Fatal trap 12: page fault while in kernel mode
cpuid = 3; apic id = 06
fault virtual address   = 0x68
fault code              = supervisor read data, page not present
instruction pointer     = 0x20:0xffffffff821dc99d
stack pointer           = 0x28:0xfffffe00c6b497d0
frame pointer           = 0x28:0xfffffe00c6b49870
code segment            = base 0x0, limit 0xfffff, type 0x1b
                         = DPL 0, pres 1, long 1, def32 0, gran 1
processor eflags        = interrupt enabled, resume, IOPL = 0
current process         = 0 (xbbd26 taskq)

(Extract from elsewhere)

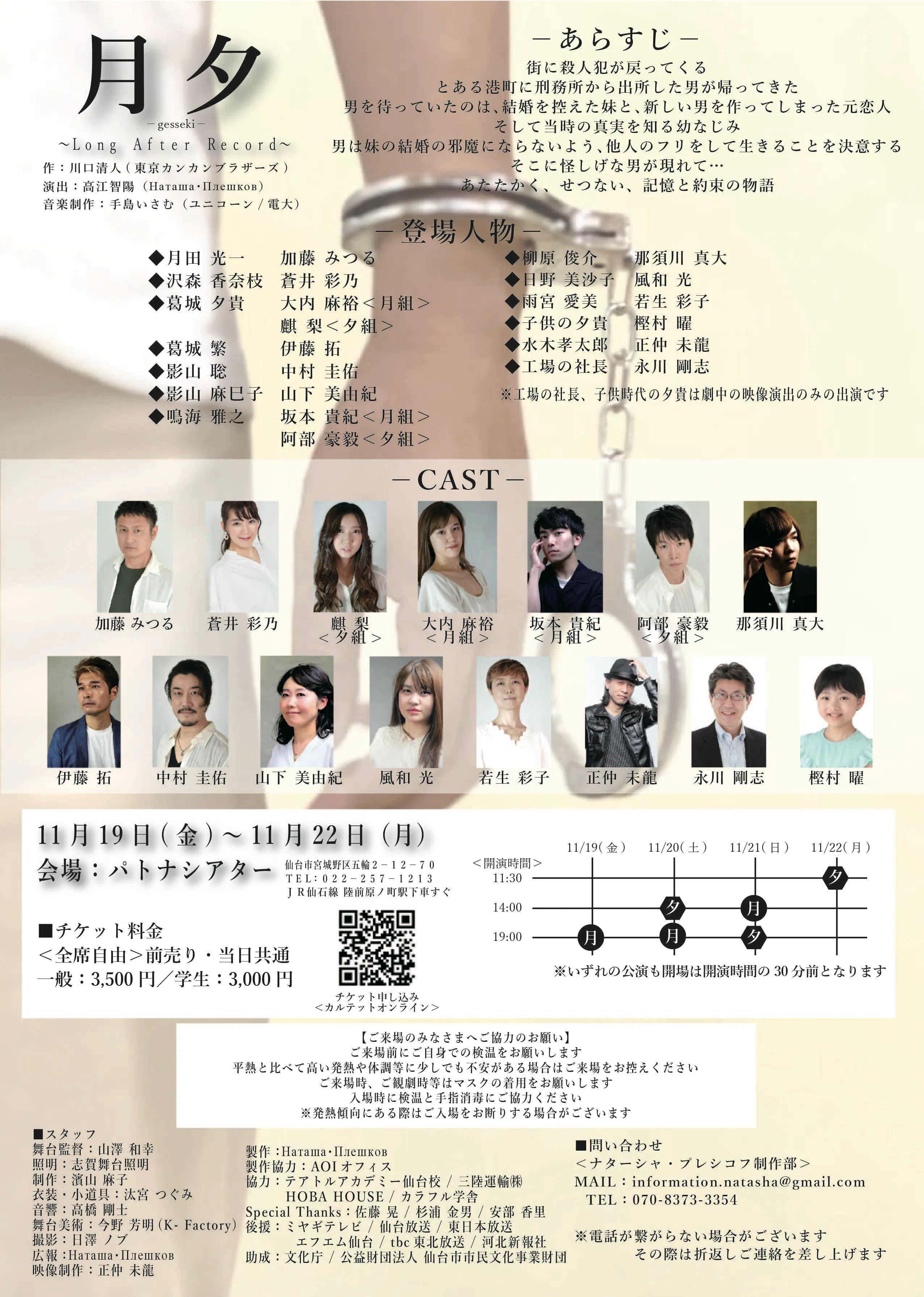 11月21日(日) ①月組 14:00~ ②夕組 19:00~

trap number             = 12
panic: page fault
cpuid = 3
time = 1649915274
KDB: stack backtrace:
#0 0xffffffff80c57385 at kdb_backtrace+0x65
#1 0xffffffff80c09d61 at vpanic+0x181
#2 0xffffffff80c09bd3 at panic+0x43
#3 0xffffffff8108b187 at trap+0xbc7
#4 0xffffffff8108b1df at trap+0xc1f
#5 0xffffffff8108a83d at trap+0x27d
#6 0xffffffff81061818 at calltrap+0x8
#7 0xffffffff821c035a at dmu_read+0x2a
#8 0xffffffff8218da3a at zvol_geom_bio_strategy+0x2aa
#9 0xffffffff80a7f074 at xbd_instance_create+0xa3d4
#10 0xffffffff80a7b00a at xbd_instance_create+0x636a
#11 0xffffffff80c6b021 at taskqueue_run+0x2a1
#12 0xffffffff80c6c33c at taskqueue_thread_loop+0xac
#13 0xffffffff80bc7c9e at fork_exit+0x7e
#14 0xffffffff8106289e at fork_trampoline+0xe
Uptime: 24m0s
(ada0:ahcich0:0:0:0): spin-down
(ada1:ahcich1:0:0:0): spin-down
(ada2:ahcich2:0:0:0): spin-down
Dumping 2922 out of 6104



cat panic.log| sed -Ee 's/^#[0-9]* //' -e 's/ .*//' | xargs addr2line -e 
/usr/lib/debug/boot/kernel/kernel.debug
/usr/src/sys/kern/subr_bus.c:2410
/usr/src/sys/kern/kern_racct.c:632
/usr/src/sys/kern/kern_racct.c:617
/usr/src/sys/dev/isci/isci_sysctl.c:92
/usr/src/sys/dev/isci/isci_sysctl.c:0
/usr/src/sys/dev/isci/isci_oem_parameters.c:130
/usr/src/sys/dev/hyperv/input/hv_kbd.c:540
??:0
??:0
/usr/src/sys/dev/xen/blkback/blkback.c:3083
/usr/src/sys/xen/xenbus/xenbusvar.h:96
/usr/src/sys/kern/subr_kobj.c:145
/usr/src/sys/kern/subr_module.c:255
/usr/src/sys/kern/kern_event.c:0
/usr/src/sys/dev/hyperv/pcib/vmbus_pcib.c:1158


Full output of (kgdb) backtrace
#0  __curthread () at /usr/src/sys/amd64/include/pcpu_aux.h:55
#1  doadump (textdump=<optimized out>) at 
/usr/src/sys/kern/kern_shutdown.c:399
#2  0xffffffff80c09956 in kern_reboot (howto=260) at 
/usr/src/sys/kern/kern_shutdown.c:486
#3  0xffffffff80c09dd0 in vpanic (fmt=<optimized out>, ap=<optimized 
out>) at /usr/src/sys/kern/kern_shutdown.c:919
#4  0xffffffff80c09bd3 in panic (fmt=<unavailable>) at 
/usr/src/sys/kern/kern_shutdown.c:843
#5  0xffffffff8108b187 in trap_fatal (frame=0xfffffe00c6b49710, eva=104) 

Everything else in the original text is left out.